*** Opening Study material ***

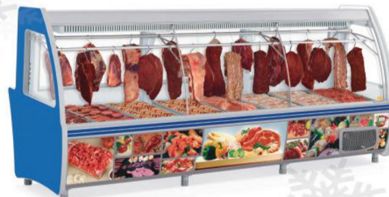
GCPC - 310 AZ
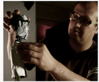
Tournage de No-Go Zone Sélectionné et primé dans plusieurs festivals Diffusion "Court-circuits" et 1000 jours sur Arte.tv
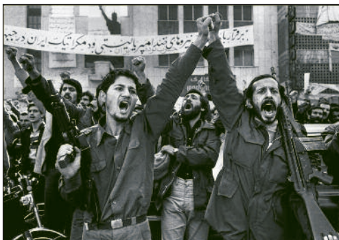
Anhänger der „islamischen Revolution“.

Arbeiter, sieht man von Lohnerhöhungen in der Erdöl-industrie ab, von der neuen Regierung keine soziale Forderung erfüllt bekommen; bestätigt bekommen haben sie aber seit dem Machtwechsel, dass sie Wasserträger ihrer neuen Unterdrücker waren. Khomeini forderte sofort den Abbruch des langen Generalstreiks, setzte ihn durch und erklärt seitdem sämtliche Arbeiterkämpfe für antirevolutionär und gottlos.“ (Die islamische Revolution lässt ihren Schleier fallen, Proletarier Nr.5, Sept. / Okt. 1979) Die soziale Unterdrückung wurde im neuen Regime durch eine brutale Unterdrückung der Frauen ergänzt, die Unterdrückung nationaler Minderheiten wurde nahtlos fortgesetzt.
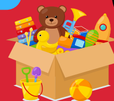
Jouets de la maison
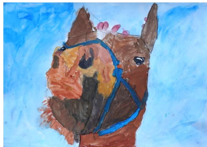
鈴木 陸斗「馬のかお」

*** Closing Study material ***

## Task brief
Could you transcribe the records above exactly, leaving every picture out?

## Exercise answer
GCPC - 310 AZ
Tournage de No-Go Zone Sélectionné et primé dans plusieurs festivals Diffusion "Court-circuits" et 1000 jours sur Arte.tv
Anhänger der „islamischen Revolution“.

Arbeiter, sieht man von Lohnerhöhungen in der Erdöl-industrie ab, von der neuen Regierung keine soziale Forderung erfüllt bekommen; bestätigt bekommen haben sie aber seit dem Machtwechsel, dass sie Wasserträger ihrer neuen Unterdrücker waren. Khomeini forderte sofort den Abbruch des langen Generalstreiks, setzte ihn durch und erklärt seitdem sämtliche Arbeiterkämpfe für antirevolutionär und gottlos.“ (Die islamische Revolution lässt ihren Schleier fallen, Proletarier Nr.5, Sept. / Okt. 1979) Die soziale Unterdrückung wurde im neuen Regime durch eine brutale Unterdrückung der Frauen ergänzt, die Unterdrückung nationaler Minderheiten wurde nahtlos fortgesetzt.
Jouets de la maison
鈴木 陸斗「馬のかお」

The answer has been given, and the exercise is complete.